Standpunt van de verdediging:
Er was sprake van fors alcoholgebruik. Niet alleen door de verdachte, maar ook door de andere aanwezigen. De verdachte kan zich van de betreffende avond en nacht bijna niets herinneren. De aangevers c.q. getuigen waren volgens het proces-verbaal van bevindingen niet in staat om een verklaring dan wel een aangifte af te leggen omdat zij in kennelijke staat verkeerden. Anders gezegd, ze waren dronken.
De verdachte weet niet eens dat hij in de auto heeft gezeten. Hij weet ook niet waarom hij in de auto is gestapt. Ook de anderen die in dit dossier zijn gehoord kunnen dit niet verklaren. Het is maar de vraag met welke bedoelingen de verdachte in de auto is gestapt. Het is de vraag of bij de verdachte opzet aanwezig was om [slachtoffer 1] iets aan te doen. Daarom dient de verdachte van het onder 1 primair, subsidiar en meer subsidiair tenlastegelegde worden vrijgesproken.
Verdachte heeft op de avond van 30 op 31 december fors alcohol gedronken samen met een aantal andere mensen waaronder aangever [slachtoffer 1]. Dit leidde tot een handgemeen tussen verdachte en anderen waarna de politie werd gebeld. Toen de politie arriveerde was verdachte in zijn auto vertrokken, korte tijd daarna reed hij weer de straat in, de politie was op dat moment aanwezig. De rechtbank gaat voor de vraag wat er toen gebeurde uit van hetgeen blijkens het proces-verbaal van bevindingen door de verbalisanten is waargenomen. Vermeld wordt dat er een man naast een auto op de weg stond bij een geparkeerde auto en dat een auto in de richting van deze man reed en rakelings langs deze man reed. De manspersoon moest zich dicht tegen de geparkeerde auto aan drukken, anders was hij door deze auto aangereden.5
De vraag die dient te worden beantwoord is of verdachte het - al dan niet voorwaardelijk - opzet heeft gehad om aangever [slachtoffer 1] te doden of (zwaar) lichamelijk letsel toe te brengen.

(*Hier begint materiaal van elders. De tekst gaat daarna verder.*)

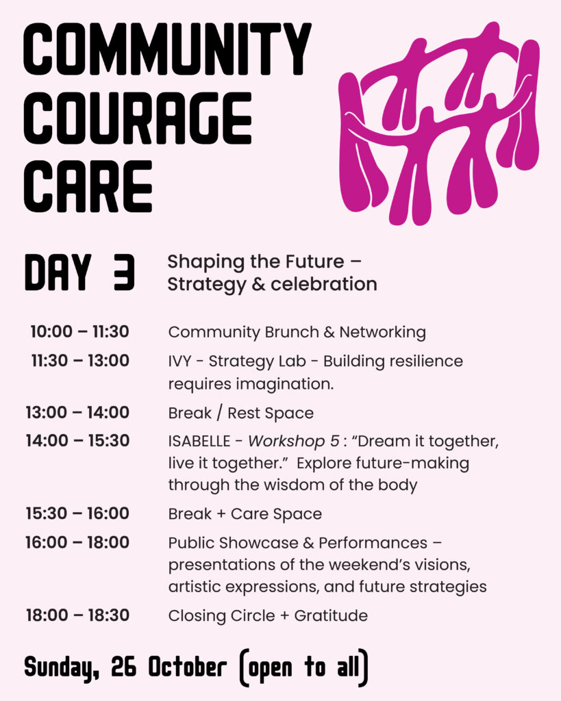 Over three days, 30 – 60 participants will engage in workshops and creative sessions that focus on legal empowerment, trauma-informed care, collective strategy, and artistic expression. We’ll close the weekend with a public brunch and showcase, celebrating the visions and stories we’ve cultivated together.

De rechtbank vindt in de in dronkenschap en boosheid gedane uitroep van verdachte "ik maak je dood lelijke Pool" onvoldoende aanleiding om onvoorwaardelijk opzet op de dood van [slachtoffer 1] aan te nemen. Ook overigens is niet gebleken dat verdachte onvoorwaardelijk opzet op de dood had. Vervolgens rijst de vraag of verdachtes rijgedrag voorwaardelijk opzet op de dood van [slachtoffer 1] meebracht.

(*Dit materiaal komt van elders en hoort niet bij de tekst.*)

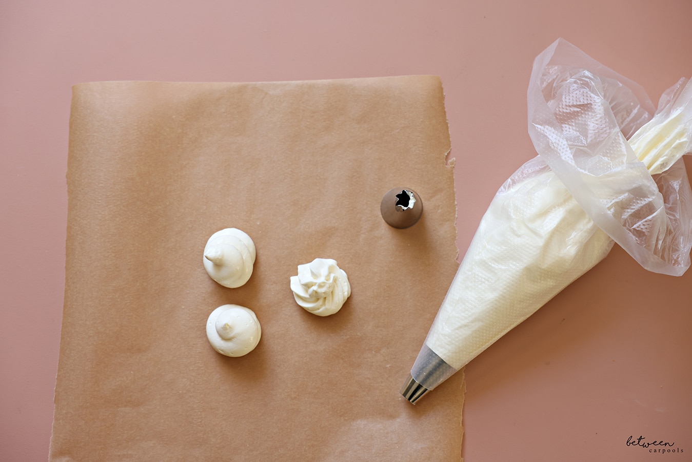But what about when you do actually need to use a tip? (Like when we make these meringues, for example). Chances are, even if you don’t use a piping bag all year, come Shavuos, you might be using one to make your desserts or that cheesecake just a little prettier than usual.
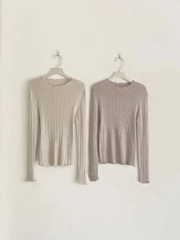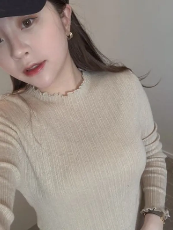 A81702 #史密斯碼頭 10% WOOL荷葉捲邊圓領坑條修身上衣(微瑕疵不退換)

Voorwaardelijk opzet op de dood is aanwezig indien de verdachte zich willens en wetens heeft blootgesteld aan de aanmerkelijke kans dat dit gevolg zou intreden en dat hij die kans ten tijde van de gedraging bewust heeft aanvaard. De rechtbank is van oordeel dat, hoewel verdachtes rijgedrag gevaarzettend was, daaruit onvoldoende blijkt van een aanmerkelijke kans op de dood van [slachtoffer 1]. Uit het proces-verbaal van bevindingen blijkt dat verdachte niet recht op [slachtoffer 1] inreed maar rakelings langs hem reed en dat [slachtoffer 1] zich in veiligheid kon brengen enkel door zich tegen de geparkeerd staande auto te drukken.
De rechtbank overweegt, dat het geenszins denkbeeldig is, dat de man naast de auto geraakt zou kunnen worden door de auto, die bestuurd werd door de dronken en boze verdachte. Als die situatie zich zou hebben voorgedaan, zou de rechtopstaande [slachtoffer 1] zijdelings door de bumper of zijkant van verdachtes auto tegen zijn benen zijn geraakt en dus niet tegen zijn lichaam. De kans dat door een dergelijke aanrijding vitale delen van [slachtoffer 1] geraakt zouden worden acht de rechtbank onvoldoende groot om te kunnen spreken van een aanmerkelijke kans daarop, zodat voorwaardelijk opzet op de dood om die reden evenmin bewezen geacht wordt.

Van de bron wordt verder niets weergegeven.